What is Endometriosis? Endo Warriors explain the illness to EN4 News


Across the globe, the month of March has come to be known by many as Endometriosis Awareness Month.

Endometriosis is a condition which occurs when the tissue that lines the womb grows outside of where it normally should. This results in pain, ranging from mild to severe, especially during menstrual periods.

It can sometimes be so painful that it causes real disruptions to the sufferer’s day-to-day life.

Worldwide, it is estimated that 1 in 10 women are affected by Endometriosis, and the disorder is also the leading cause of infertility in women.

Despite the number of sufferers being comparable to diabetes, there is still only a fraction of the awareness of the condition and help for those afflicted.

Two people who understand just how Endometriosis can affect your life are Candice McKenzie and Claire Beattie. Candice and Clare, both Endometriosis sufferers themselves, run Endo Warriors, a group based in West Lothian.

Endo Warriors‘ mission is to educate people about the condition and break down the stigma surrounding period pain.

Candice spoke to EN4 News about the difficulties she faced in getting an Endometriosis diagnosis.

“It was a really, really challenging journey. I was diagnosed at the age of 21 after being turned away all those years at the doctors where I was told I had anxiety, I was told I had IBS or some type of chronic bladder problem etc. Eventually, through laparoscopy, I was told that I had ‘deep infiltrating Endometriosis’ and, at that point, I didn’t appreciate how severe that was.”

It can take anywhere from 6 to 10 years on average to diagnose Endometriosis. Candice spoke about how important it is to change people’s perception of Endometriosis and get an early diagnosis.
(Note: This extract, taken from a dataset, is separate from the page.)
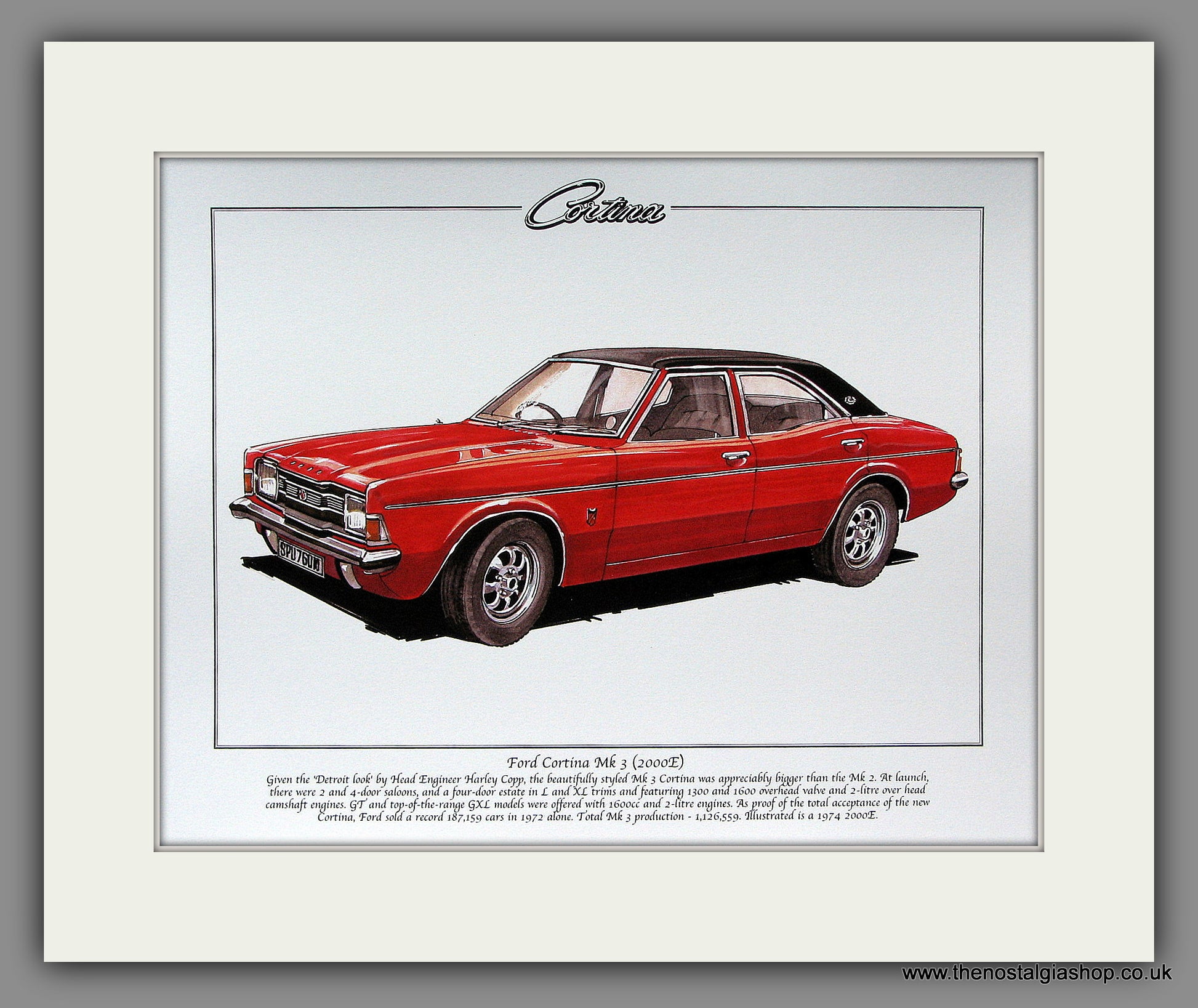 Ford Cortina Mk3 2000E. Beautifully Illustrated print with detailed description of the vehicle. Presented and Supplied in a cream bevel cut mount with backing board and clear bag. The perfect gift. Size of the mount is 14 x 11 inches, it is ready to drop straight in to a frame. Framing option available on this print, Add this print to your shopping basket, then go to 'Frames Available" category, Click to buy the suitable frame. We will frame and post your choice. Free UK postage on orders over £20.00. Website watermarks are not present on the prints. Ford Prints, Ford Art, Classic Fords, Fast Fords, Ford pictures. Ford Clubs,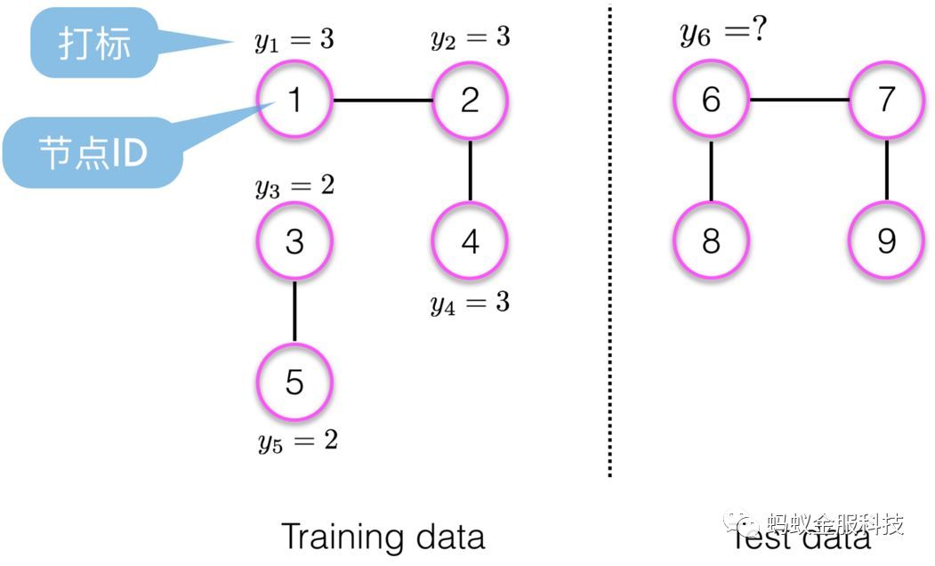 是节点所在联通子图的大小,即所在联通子图的节点数目)构成的一个训练数据集。对于机器学习算法来说,算法只是给定了这些训练数据,并不知道这些节点上的打标是怎么生成的。我们希望通过训练数据学一个函数,能够在新的待预测图数据上预测的好,即逼近。

“The only way to change the perception is through education, giving people the right tools to arm themselves with the correct language so that they can get a diagnosis. If you are living with this condition and it’s undiagnosed, it’s certainly not going to get any better.”

However even with a diagnosis, there is currently no cure, no one knows what causes the condition, and the tissue almost always grows back.

Unfortunately, many women still have their pain written off by medical professionals as simply being a symptom of menstruation. So why is Endometriosis not taken as seriously as other conditions?

“It’s all to do with stigma,” Candice continued. “I think men think there’s an ‘eek’ factor to it. Up until a few years ago we were living in a man’s world. I think now with social media platforms people are becoming more courageous and are now prepared to stand up and say ‘no, this is not okay! I don’t want to live my life like this and you must listen to me!”

A topic which has been frequently debated in parliament in recent months is the treatment of Endometriosis sufferers in the workplace.

“Workplace-wise, it’s always a challenge for women with Endometriosis. Being in the workplace as a woman is a challenge in itself but to have a gynaecological condition like Endometriosis or PCOS can make your work life very difficult.

“You don’t necessarily have constant access to toilets, you might be on a telephone where you are monitored for the amount of time you are on a call or at your desk, you might not have access to sanitary products in that environment.

“So flexible working needs to be considered, endometriosis-friendly employers, access to sanitary bins, it just should be happening.”

And it’s not only your work life that Endometriosis can disrupt, but it can also cause issues in your personal life.

“You start to exclude yourself from certain things because you’re just not well enough to be there. Your friends don’t understand and think you’re being pathetic, so you start to lose friends and it is incredibly sad.”

“It can cause problems in a romantic relationship as well because Endometriosis affects women’s fertility in such a huge way. I think when you’re preprogrammed as a woman, you grow up dreaming about your wedding and having children. But when that plan doesn’t fall into place, it can have a huge strain on a relationship.”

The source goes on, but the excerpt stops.